Scientific classification
- Kingdom: Plantae
- Clade: Tracheophytes
- Clade: Angiosperms
- Clade: Monocots
- Order: Liliales
- Family: Liliaceae
- Genus: Streptopus
- Species: S. amplexifolius
- Binomial name: Streptopus amplexifolius (L.) DC.
- Synonyms: List Convallaria amplexifolia (L.) E.H.L.Krause ; Convallaria dichotoma Thibaud ex Pers. ; Streptopus distortus Michx. ; Streptopus fassetii Á.Löve & D.Löve ; Tortipes amplexifolius (L.) Small ; Uvularia amplexicaulis Mill. ; Uvularia amplexifolia L. ; Uvularia distorta (Michx.) Pers. ; ;

= Streptopus amplexifolius =

- Genus: Streptopus
- Species: amplexifolius
- Authority: (L.) DC.
- Synonyms: Collapsible list |

Plant species in the lily family

Streptopus amplexifolius (twistedstalk, clasping twistedstalk, claspleaf twistedstalk, white twisted-stalk, or watermelon berry) is a species of flowering plant in the family Liliaceae, native to North America, Europe and Asia.
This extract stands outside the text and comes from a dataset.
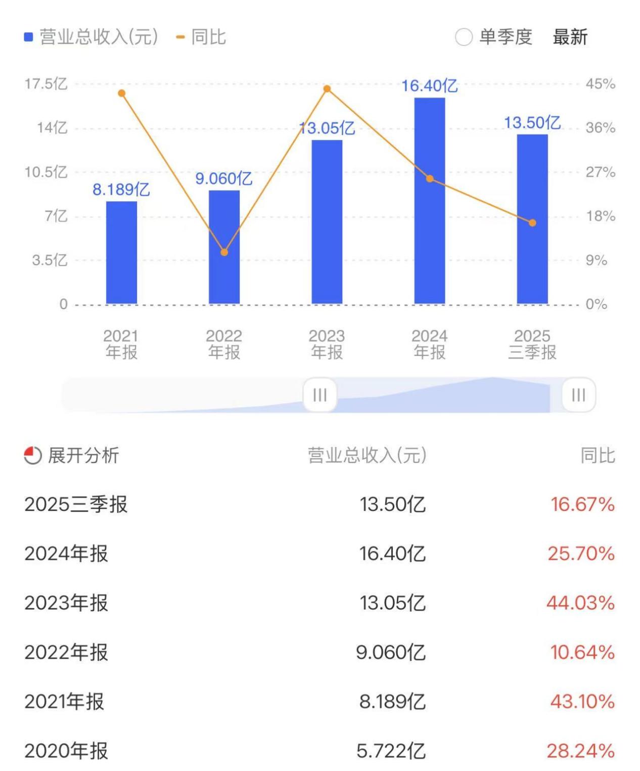 数据显示,2020年至2025年前三季度,伟创电气分别实现营收5.72亿元、8.19亿元、9.06亿元、13.05亿元、16.40亿元、13.50亿元,分别同比增长28.24%、43.10%、10.64%、44.03%、25.70%、16.67%;分别实现净利润0.88亿元、1.27亿元、1.40亿元、1.91亿元、2.45亿元、2.25亿元,分别同比增长52.13%、44.76%、10.38%、36.38%、28.42%、6.74%。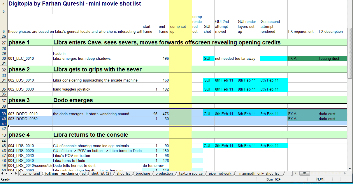 For this post I will show how I progressed through all the various stages from storyboard to post to complete the film Digitopia: Discover Me, the processes I employed and how I managed the whole process.

It is a herbaceous perennial plant growing to 40–100 cm tall, with alternate, oblong-lanceolate leaves 5–14 cm long. The greenish-white flowers hang from axils on 1–2 cm thin kinked pedicels, each flower with six white tepals, 9–15 mm long. The plants leaves completely encircle the stem, and the stems have a kink at each leaf axil giving the plants stem a "twisted" and wiry appearance. The plants grow in a creeping habit in moist, dense undergrowth.

==Distribution==
Streptopus amplexifolius is widely distributed across North America (Greenland, northern United States including Alaska; and most of Canada including Yukon and Northwest Territories). The plant is most often found near shaded stream banks and in moist thickets of the montane and subalpine zones across most of North America. It is also found in central and southern Europe (from Spain to Ukraine and as far north as Germany and Poland) and in eastern Asia (Japan, Korea, Myanmar (Burma) and eastern Russia (Yakutia, Amur, Kamchatka, Sakhalin, Kuril Islands, Khabarovsk, Primorye)).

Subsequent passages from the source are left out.